Supplied material Start Marker
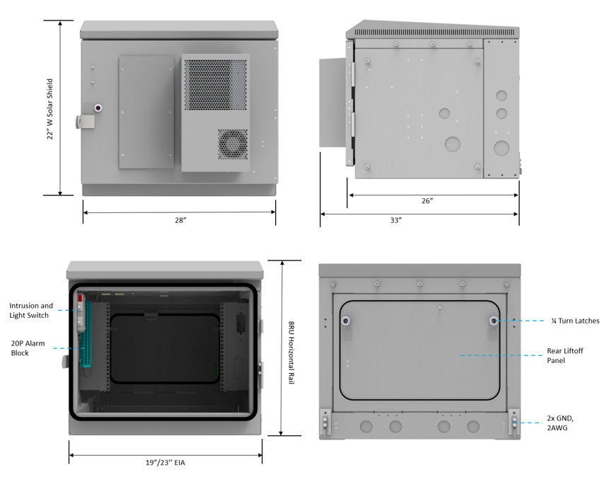 - Provides 8RU of 19” or 23" Rack Space for Equipment
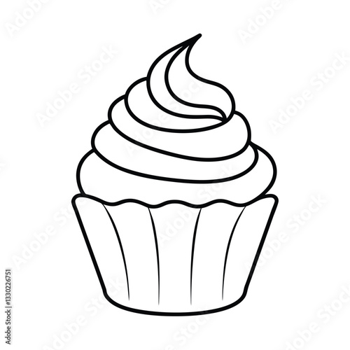 Delicious Swirled Cupcake, Line Art, Sweet Treat, Bakery, Dessert
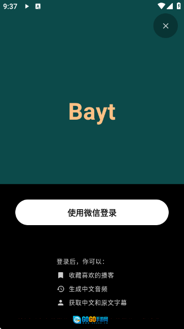7、完成账号登录:选择“使用微信登录”,完成账号登录以使用收藏、生成字幕等功能。
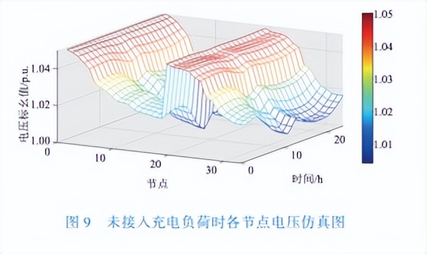 由图9可知,场景1配电网未接入充电负荷时的电压偏移都控制在±7%以内,纵横对比没有发现严重的电压偏移现象,但是节点18和19在20.00-21.00时间段上有局部节点处在越限边界。由图10可知,场景2中配电网内接入无序充电负荷时,节点13-19和28-33在晚间出现电压越限情况,原因是无序充电负荷的高峰期恰巧与网内基础负荷用电的高峰期时段相叠。
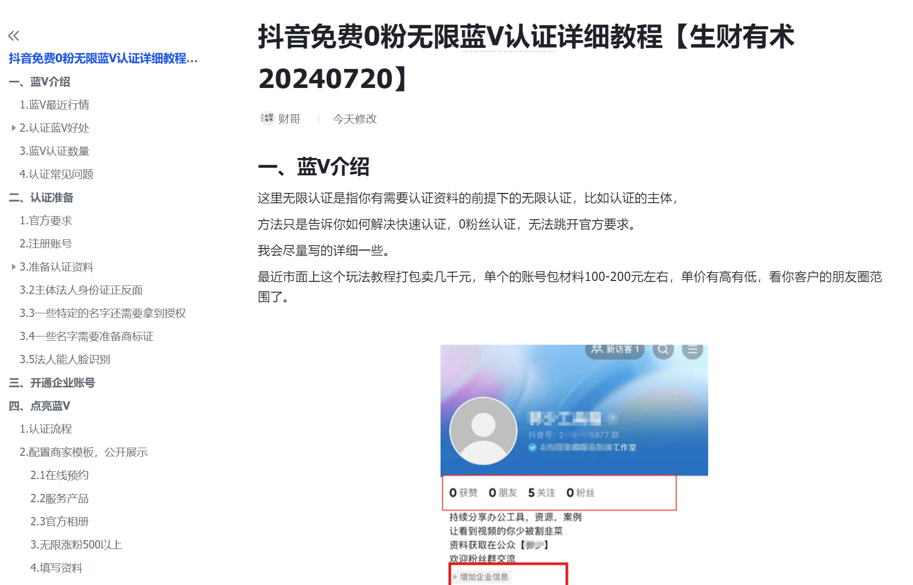 【13665】抖音蓝V免费0粉无限账号认证教程【生财有术20240720】
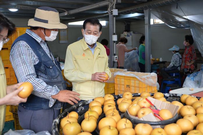 인천 강화군에서 출하한 ‘강화섬 해풍배’가 대만 수출길에 올랐다. 품종은 원황으로 수출선과장에서 당도·무게 등 엄격한 기준으로 선별해 검역검사를 통과했다. 사진은 유천호 군수(오른쪽)가 수출 전 선과 작업을 살펴보는 모습. (사진제공=강화군청)
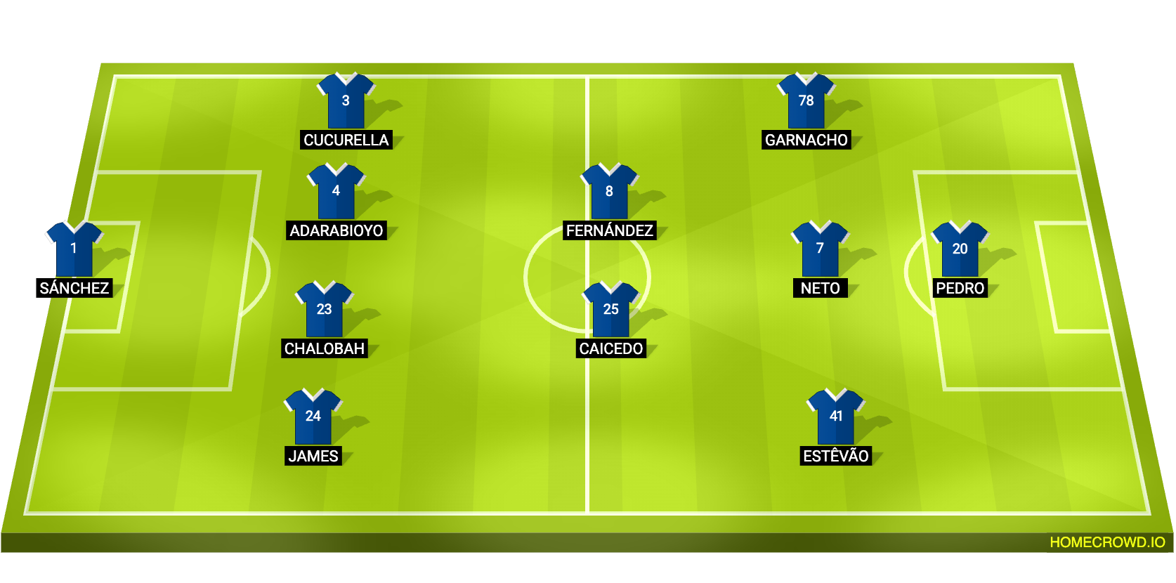 Probable Lineup (4-2-3-1): Sanchez; James, Chalobah, Tosin, Cucurella; Caicedo, Fernandez; Estevao, Neto, Garnacho; Pedro
Supplied material End Marker
Please give a word-for-word transcript of the lines from the one holding "Delicious Swirled Cupcake, Line" through the final line of the entries, both ends kept, with no pictures.

Task solution>
 Delicious Swirled Cupcake, Line Art, Sweet Treat, Bakery, Dessert
7、完成账号登录:选择“使用微信登录”,完成账号登录以使用收藏、生成字幕等功能。
 由图9可知,场景1配电网未接入充电负荷时的电压偏移都控制在±7%以内,纵横对比没有发现严重的电压偏移现象,但是节点18和19在20.00-21.00时间段上有局部节点处在越限边界。由图10可知,场景2中配电网内接入无序充电负荷时,节点13-19和28-33在晚间出现电压越限情况,原因是无序充电负荷的高峰期恰巧与网内基础负荷用电的高峰期时段相叠。
 【13665】抖音蓝V免费0粉无限账号认证教程【生财有术20240720】
 인천 강화군에서 출하한 ‘강화섬 해풍배’가 대만 수출길에 올랐다. 품종은 원황으로 수출선과장에서 당도·무게 등 엄격한 기준으로 선별해 검역검사를 통과했다. 사진은 유천호 군수(오른쪽)가 수출 전 선과 작업을 살펴보는 모습. (사진제공=강화군청)
 Probable Lineup (4-2-3-1): Sanchez; James, Chalobah, Tosin, Cucurella; Caicedo, Fernandez; Estevao, Neto, Garnacho; Pedro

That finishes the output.